Assigned task
Write out the data exactly as given, dropping every picture.

[Data below]

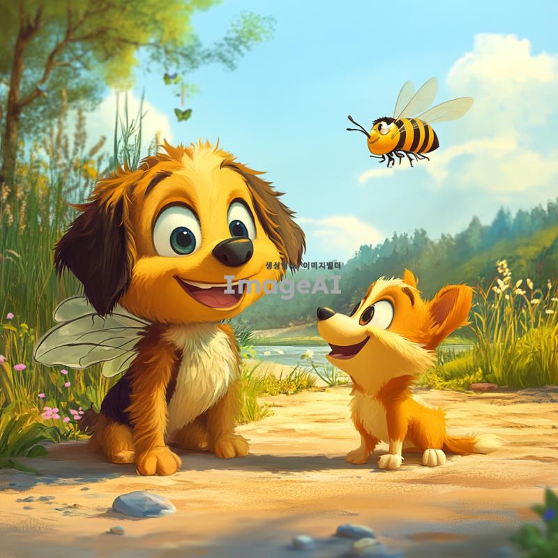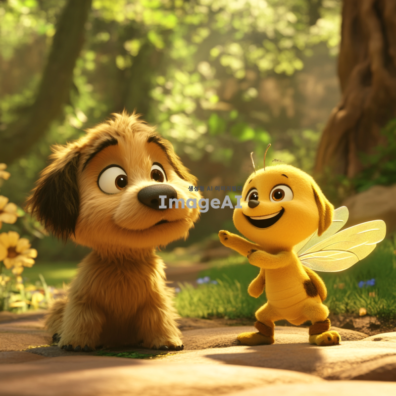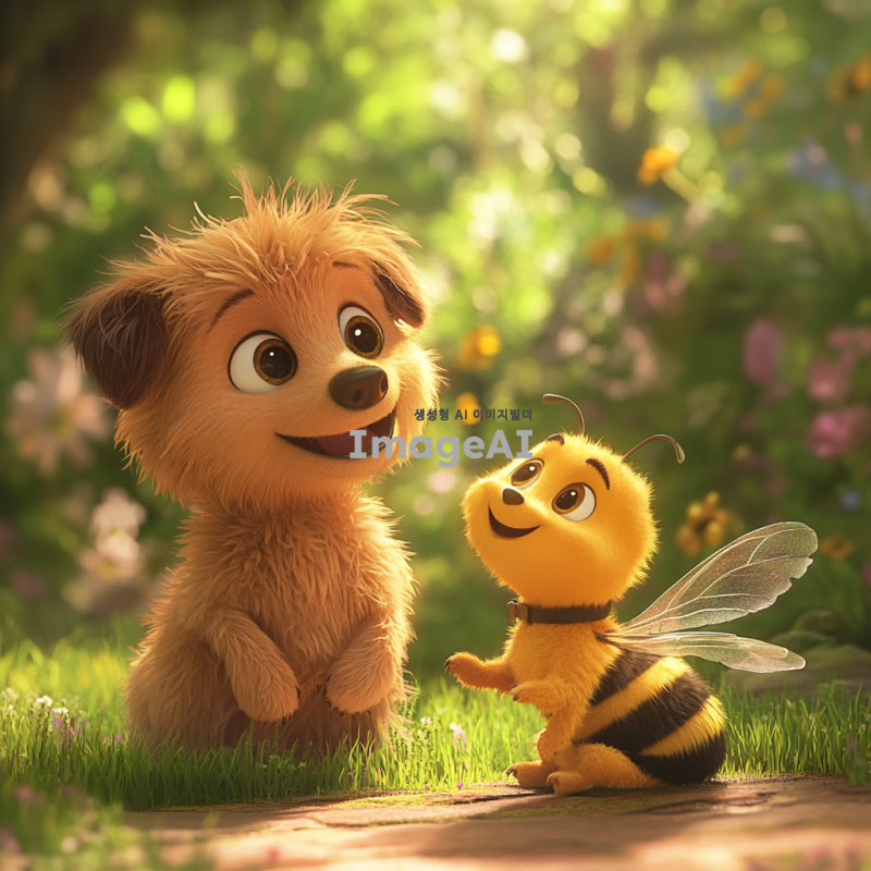 픽사 스타일의 애니메이션에서 벌과 강아지가 함께 노는 모습, 밝고 화사한 색감, 귀엽고 친근한 캐릭터 디자인, 자연 배경 속에서 행복하게 어울리는 장면, 강아지는 털이 부드럽고 귀여운 표정, 벌은 생동감 넘치는 날개와 미소를 지닌 모습, 전체적으로 따뜻하고 즐거운 분위기.
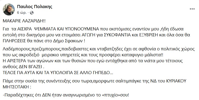 Ο κ. Πολάκης, μέσω ανάρτησής του, εξαπολύει σειρά καταγγελιών και προσωπικών αιχμών, προαναγγέλλοντας παράλληλα νομικές ενέργειες, ενώ η τοποθέτησή του κινείται σε οξύ ύφος και αγγίζει ζητήματα που αφορούν τόσο τον δημόσιο λόγο όσο και στοιχεία του βιογραφικού του υφυπουργού. Η ανάρτηση δε κλείνει με τον κ. Πολάκη ν’ αναφέρει χαρακτηριστικά: “Γύρευε δηλαδή με τι κρατάει ο Μακάριος τον Κυριάκο!“
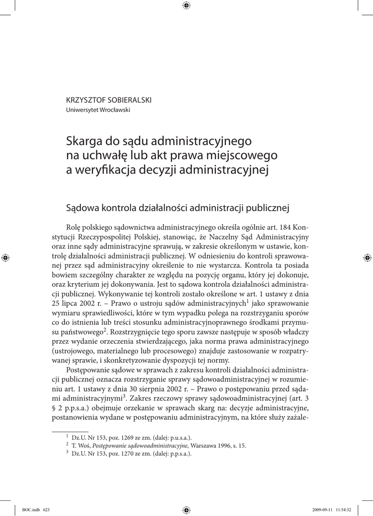 KRZYSZTOF SOBIERALSKI Uniwersytet Wrocławski Skarga do sądu administracyjnego na uchwałę lub akt prawa miejscowego a weryfikacja decyzji administracyjnej Sądowa kontrola działalności administracji publicznej Rolę polskiego sądownictwa administracyjnego określa ogólnie art. 184 Konstytucji Rzeczypospolitej Polskiej, stanowiąc, że Naczelny Sąd Administracyjny oraz inne sądy administracyjne sprawują, w zakresie określonym w ustawie, kontrolę działalności administracji publicznej. W odniesieniu do kontroli sprawowanej przez sąd administracyjny określenie to nie wystarcza. Kontrola ta posiada bowiem szczególny charakter ze względu na pozycję organu, który jej dokonuje, oraz kryterium jej dokonywania. Jest to sądowa kontrola działalności administracji publicznej. Wykonywanie tej kontroli zostało określone w art. 1 ustawy z dnia 25 lipca 2002 r. – Prawo o ustroju sądów administracyjnych1 jako sprawowanie wymiaru sprawiedliwości, które w tym wypadku polega na rozstrzyganiu sporów co do istnienia lub treści stosunku administracyjnoprawnego środkami przymusu państwowego2. Rozstrzygnięcie tego sporu zawsze następuje w sposób władczy przez wydanie orzeczenia stwierdzającego, jaka norma prawa administracyjnego (ustrojowego, materialnego lub procesowego) znajduje zastosowanie w rozpatrywanej sprawie, i skonkretyzowanie dyspozycji tej normy. Postępowanie sądowe w sprawach z zakresu kontroli działalności administracji publicznej oznacza rozstrzyganie sprawy sądowoadministracyjnej w rozumieniu art. 1 ustawy z dnia 30 sierpnia 2002 r. – Prawo o postępowaniu przed sądami administracyjnymi3. Zakres rzeczowy sprawy sądowoadministracyjnej (art. 3 § 2 p.p.s.a.) obejmuje orzekanie w sprawach skarg na: decyzje administracyjne, postanowienia wydane w postępowaniu administracyjnym, na które służy zażale1 2 3 BOC.indb 623 Dz.U. Nr 153, poz. 1269 ze zm. (dalej: p.u.s.a.). T. Woś, Postępowanie sądowoadministracyjne, Warszawa 1996, s. 15. Dz.U. Nr 153, poz. 1270 ze zm. (dalej: p.p.s.a.). 2009-09-11 11:54:32 624 KRZYSZTOF SOBIERALSKI nie albo kończące postępowanie, a także na postanowienia rozstrzygające sprawę co do istoty, postanowienia wydane w postępowaniu egzekucyjnym i zabezpieczającym, na które służy zażalenie, inne niż decyzje i postanowienia akty lub czynności z zakresu administracji publicznej dotyczące uprawnień lub obowiązków wynikających z przepisów prawa, bezczynność w powyższych zakresach, akty prawa miejscowego organów jednostek samorządu terytorialnego i terenowych organów administracji rządowej, inne niż prawo miejscowe akty organów jednostek samorządu terytorialnego i ich związków – podejmowane w sprawach z zakresu administracji publicznej, akty nadzoru nad działalnością organów jednostek samorządu terytorialnego. Natomiast jeśli chodzi o kryterium kontroli działalności administracji publicznej, to, zgodnie z art. 1 § 2 p.p.s.a., sądy administracyjne sprawują w zakresie swej właściwości (art. 3–5 i art. 13–15 p.p.s.a.) kontrolę pod względem zgodności z prawem, jeżeli ustawa nie stanowi inaczej. Przedmiotem kontroli legalności jest przestrzeganie prawa przez organy wykonujące zadania z zakresu administracji publicznej, czyli ochrona prawa przedmiotowego4. Efektem tej kontroli – w przypadku stwierdzenia przez sąd jego naruszenia – jest wydanie orzeczenia kasacyjnego. Sąd administracyjny, co do zasady, nie może zastępować organu administracji publicznej i rozstrzygać sprawy, której przedmiotem jest stosunek administracyjnoprawny. Sprawowanie kontroli z punktu widzenia zgodności z prawem wiąże się z formułowaniem zwrotów stosunkowych5. Zagadnienia związane ze zwrotami stosunkowymi, jako rodzajem wypowiedzi o zgodności z normą prawną pewnych zachowań, można uporządkować, przyjmując modelowe ustalenia poczynione przez J. Wróblewskiego6, akceptowane przez J. Borkowskiego7 i T. Wosia8. Zwrotem stosunkowym jest wypowiedź kwalifikująca jakieś zachowanie jako zgodne (niezgodne) z określoną normą prawną. Jest on formułowany na podstawie normy odniesienia i normy dopełnienia. Norma odniesienia została zawarta w przepisie art. 1 § 2 p.u.s.a., określającym kryterium dokonywanej oceny, oraz w przepisach art. 145–152 p.p.s.a., określających postacie niezgodności z prawem i uzasadniających sformułowanie przez sąd administracyjny zwrotu stosunkowego. Norma odniesienia, wyznaczająca przesłanki i formy oraz charakter sprawowanej przez sąd kontroli, jest niezmienna i stanowi stały punkt odniesienia tej kontroli9. Nie jest jednak wystarczającą podstawą do sformułowania zwrotów stosunkowych. 4 Ibidem, s. 16. J. Borkowski, Kontrola zgodności z prawem decyzji administracyjnych sprawowana przez Naczelny Sąd Administracyjny, NP 1985, z. 9, s. 14 i n. 6 J. Wróblewski, Zwroty stosunkowe wypowiedzi o zgodności z normą, ZN UŁ Nauki Humanistyczno-Społeczne Seria I, Prawo, z. 62, Łódź 1969, s. 3 i n. 7 J. Borkowski, op. cit., s. 14. 8 T. Woś, op. cit., s. 15 i n. 9 J. Borkowski, op. cit., s. 17–18; J. Borkowski [w:] B. Adamiak, J. Borkowski, Polskie postępowanie administracyjne i sądowoadministracyjne, Warszawa 1996, s. 250 i n.; T. Woś, op. cit., s. 187. 5 BOC.indb 624 2009-09-11 11:54:32 Skarga do sądu administracyjnego na uchwałę lub akt prawa miejscowego 625 Niezbędne jest wskazanie normy dopełnienia. Jest ona określona przepisami dotyczącymi treści i trybu podejmowania rozstrzygnięć przez organy administracji publicznej. Jest to zespół przepisów prawa materialnego regulujących właściwość rzeczową organu oraz treść osnowy decyzji administracyjnej, przepisy postępowania administracyjnego normujące tryb postępowania aż do momentu uzyskania przez decyzję przymiotu ostatecznej10. Zespół tych przepisów będzie w każdej sprawie inny, dlatego regulacje prawne stanowiące źródło określenia treści normy dopełni

[/Data below]

The completed task
 픽사 스타일의 애니메이션에서 벌과 강아지가 함께 노는 모습, 밝고 화사한 색감, 귀엽고 친근한 캐릭터 디자인, 자연 배경 속에서 행복하게 어울리는 장면, 강아지는 털이 부드럽고 귀여운 표정, 벌은 생동감 넘치는 날개와 미소를 지닌 모습, 전체적으로 따뜻하고 즐거운 분위기.
 Ο κ. Πολάκης, μέσω ανάρτησής του, εξαπολύει σειρά καταγγελιών και προσωπικών αιχμών, προαναγγέλλοντας παράλληλα νομικές ενέργειες, ενώ η τοποθέτησή του κινείται σε οξύ ύφος και αγγίζει ζητήματα που αφορούν τόσο τον δημόσιο λόγο όσο και στοιχεία του βιογραφικού του υφυπουργού. Η ανάρτηση δε κλείνει με τον κ. Πολάκη ν’ αναφέρει χαρακτηριστικά: “Γύρευε δηλαδή με τι κρατάει ο Μακάριος τον Κυριάκο!“
 KRZYSZTOF SOBIERALSKI Uniwersytet Wrocławski Skarga do sądu administracyjnego na uchwałę lub akt prawa miejscowego a weryfikacja decyzji administracyjnej Sądowa kontrola działalności administracji publicznej Rolę polskiego sądownictwa administracyjnego określa ogólnie art. 184 Konstytucji Rzeczypospolitej Polskiej, stanowiąc, że Naczelny Sąd Administracyjny oraz inne sądy administracyjne sprawują, w zakresie określonym w ustawie, kontrolę działalności administracji publicznej. W odniesieniu do kontroli sprawowanej przez sąd administracyjny określenie to nie wystarcza. Kontrola ta posiada bowiem szczególny charakter ze względu na pozycję organu, który jej dokonuje, oraz kryterium jej dokonywania. Jest to sądowa kontrola działalności administracji publicznej. Wykonywanie tej kontroli zostało określone w art. 1 ustawy z dnia 25 lipca 2002 r. – Prawo o ustroju sądów administracyjnych1 jako sprawowanie wymiaru sprawiedliwości, które w tym wypadku polega na rozstrzyganiu sporów co do istnienia lub treści stosunku administracyjnoprawnego środkami przymusu państwowego2. Rozstrzygnięcie tego sporu zawsze następuje w sposób władczy przez wydanie orzeczenia stwierdzającego, jaka norma prawa administracyjnego (ustrojowego, materialnego lub procesowego) znajduje zastosowanie w rozpatrywanej sprawie, i skonkretyzowanie dyspozycji tej normy. Postępowanie sądowe w sprawach z zakresu kontroli działalności administracji publicznej oznacza rozstrzyganie sprawy sądowoadministracyjnej w rozumieniu art. 1 ustawy z dnia 30 sierpnia 2002 r. – Prawo o postępowaniu przed sądami administracyjnymi3. Zakres rzeczowy sprawy sądowoadministracyjnej (art. 3 § 2 p.p.s.a.) obejmuje orzekanie w sprawach skarg na: decyzje administracyjne, postanowienia wydane w postępowaniu administracyjnym, na które służy zażale1 2 3 BOC.indb 623 Dz.U. Nr 153, poz. 1269 ze zm. (dalej: p.u.s.a.). T. Woś, Postępowanie sądowoadministracyjne, Warszawa 1996, s. 15. Dz.U. Nr 153, poz. 1270 ze zm. (dalej: p.p.s.a.). 2009-09-11 11:54:32 624 KRZYSZTOF SOBIERALSKI nie albo kończące postępowanie, a także na postanowienia rozstrzygające sprawę co do istoty, postanowienia wydane w postępowaniu egzekucyjnym i zabezpieczającym, na które służy zażalenie, inne niż decyzje i postanowienia akty lub czynności z zakresu administracji publicznej dotyczące uprawnień lub obowiązków wynikających z przepisów prawa, bezczynność w powyższych zakresach, akty prawa miejscowego organów jednostek samorządu terytorialnego i terenowych organów administracji rządowej, inne niż prawo miejscowe akty organów jednostek samorządu terytorialnego i ich związków – podejmowane w sprawach z zakresu administracji publicznej, akty nadzoru nad działalnością organów jednostek samorządu terytorialnego. Natomiast jeśli chodzi o kryterium kontroli działalności administracji publicznej, to, zgodnie z art. 1 § 2 p.p.s.a., sądy administracyjne sprawują w zakresie swej właściwości (art. 3–5 i art. 13–15 p.p.s.a.) kontrolę pod względem zgodności z prawem, jeżeli ustawa nie stanowi inaczej. Przedmiotem kontroli legalności jest przestrzeganie prawa przez organy wykonujące zadania z zakresu administracji publicznej, czyli ochrona prawa przedmiotowego4. Efektem tej kontroli – w przypadku stwierdzenia przez sąd jego naruszenia – jest wydanie orzeczenia kasacyjnego. Sąd administracyjny, co do zasady, nie może zastępować organu administracji publicznej i rozstrzygać sprawy, której przedmiotem jest stosunek administracyjnoprawny. Sprawowanie kontroli z punktu widzenia zgodności z prawem wiąże się z formułowaniem zwrotów stosunkowych5. Zagadnienia związane ze zwrotami stosunkowymi, jako rodzajem wypowiedzi o zgodności z normą prawną pewnych zachowań, można uporządkować, przyjmując modelowe ustalenia poczynione przez J. Wróblewskiego6, akceptowane przez J. Borkowskiego7 i T. Wosia8. Zwrotem stosunkowym jest wypowiedź kwalifikująca jakieś zachowanie jako zgodne (niezgodne) z określoną normą prawną. Jest on formułowany na podstawie normy odniesienia i normy dopełnienia. Norma odniesienia została zawarta w przepisie art. 1 § 2 p.u.s.a., określającym kryterium dokonywanej oceny, oraz w przepisach art. 145–152 p.p.s.a., określających postacie niezgodności z prawem i uzasadniających sformułowanie przez sąd administracyjny zwrotu stosunkowego. Norma odniesienia, wyznaczająca przesłanki i formy oraz charakter sprawowanej przez sąd kontroli, jest niezmienna i stanowi stały punkt odniesienia tej kontroli9. Nie jest jednak wystarczającą podstawą do sformułowania zwrotów stosunkowych. 4 Ibidem, s. 16. J. Borkowski, Kontrola zgodności z prawem decyzji administracyjnych sprawowana przez Naczelny Sąd Administracyjny, NP 1985, z. 9, s. 14 i n. 6 J. Wróblewski, Zwroty stosunkowe wypowiedzi o zgodności z normą, ZN UŁ Nauki Humanistyczno-Społeczne Seria I, Prawo, z. 62, Łódź 1969, s. 3 i n. 7 J. Borkowski, op. cit., s. 14. 8 T. Woś, op. cit., s. 15 i n. 9 J. Borkowski, op. cit., s. 17–18; J. Borkowski [w:] B. Adamiak, J. Borkowski, Polskie postępowanie administracyjne i sądowoadministracyjne, Warszawa 1996, s. 250 i n.; T. Woś, op. cit., s. 187. 5 BOC.indb 624 2009-09-11 11:54:32 Skarga do sądu administracyjnego na uchwałę lub akt prawa miejscowego 625 Niezbędne jest wskazanie normy dopełnienia. Jest ona określona przepisami dotyczącymi treści i trybu podejmowania rozstrzygnięć przez organy administracji publicznej. Jest to zespół przepisów prawa materialnego regulujących właściwość rzeczową organu oraz treść osnowy decyzji administracyjnej, przepisy postępowania administracyjnego normujące tryb postępowania aż do momentu uzyskania przez decyzję przymiotu ostatecznej10. Zespół tych przepisów będzie w każdej sprawie inny, dlatego regulacje prawne stanowiące źródło określenia treści normy dopełni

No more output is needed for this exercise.